** Work request **
Return the full listing unchanged, excluding any images it contains.

** Information shown **
================================

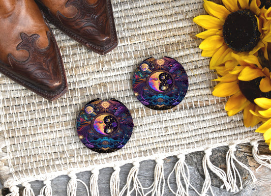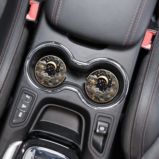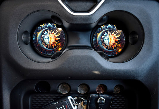 Set of 2 Celestial Symbols Sandstone Car Coasters, Car Accessory
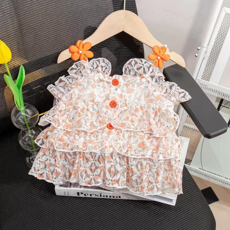 女童夏装背心吊带宝宝洋气儿童个性潮碎花清新可爱雪纺蛋糕娃娃衫
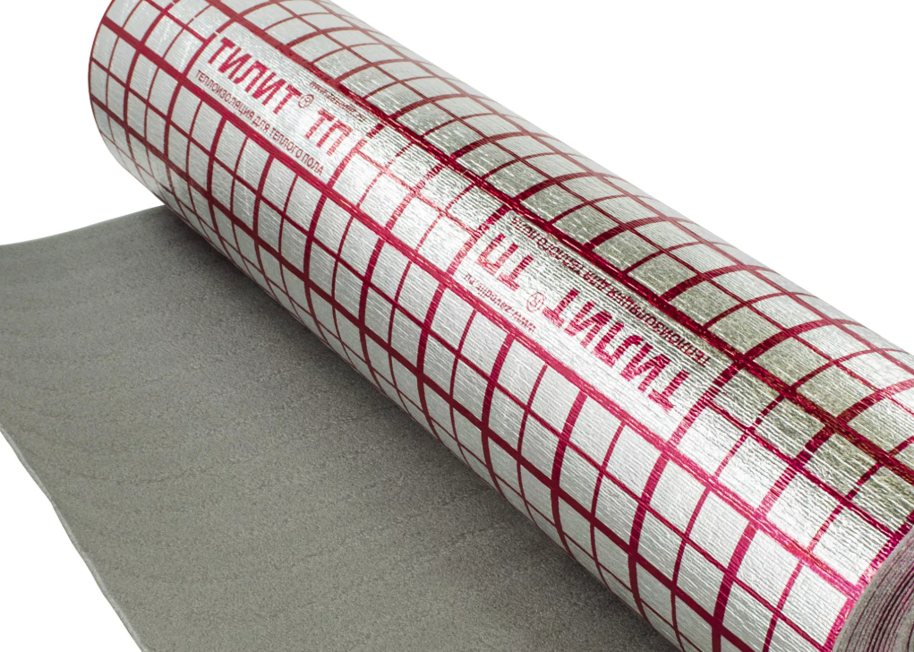 Материал, удерживающий тепло — обязательный компонент такой системы отопления. Он служит для предотвращения теплопотерь через перекрытия. В качестве основной теплоизоляции используют вспененный полистирол плотностью 25-35 кг/м³. Материал с меньшими показателями не сможет выдержать вес стяжки. Толщиной плиты полистирола должны быть не меньше 5 см. Если их укладывают на грунт или внизу неотапливаемое помещение, желательно увеличить этот параметр до 10 см. Чтобы снизить теплопотери, поверх основной изоляции укладывают отражающий экран. Это может быть пенофол или простая пищевая фольга. Однако металлизированное покрытие необходимо защитить от агрессивного воздействия бетонного раствора, закрыв полиэтиленовой плёнкой.

================================

** Response to the exercise **
 Set of 2 Celestial Symbols Sandstone Car Coasters, Car Accessory
 女童夏装背心吊带宝宝洋气儿童个性潮碎花清新可爱雪纺蛋糕娃娃衫
 Материал, удерживающий тепло — обязательный компонент такой системы отопления. Он служит для предотвращения теплопотерь через перекрытия. В качестве основной теплоизоляции используют вспененный полистирол плотностью 25-35 кг/м³. Материал с меньшими показателями не сможет выдержать вес стяжки. Толщиной плиты полистирола должны быть не меньше 5 см. Если их укладывают на грунт или внизу неотапливаемое помещение, желательно увеличить этот параметр до 10 см. Чтобы снизить теплопотери, поверх основной изоляции укладывают отражающий экран. Это может быть пенофол или простая пищевая фольга. Однако металлизированное покрытие необходимо защитить от агрессивного воздействия бетонного раствора, закрыв полиэтиленовой плёнкой.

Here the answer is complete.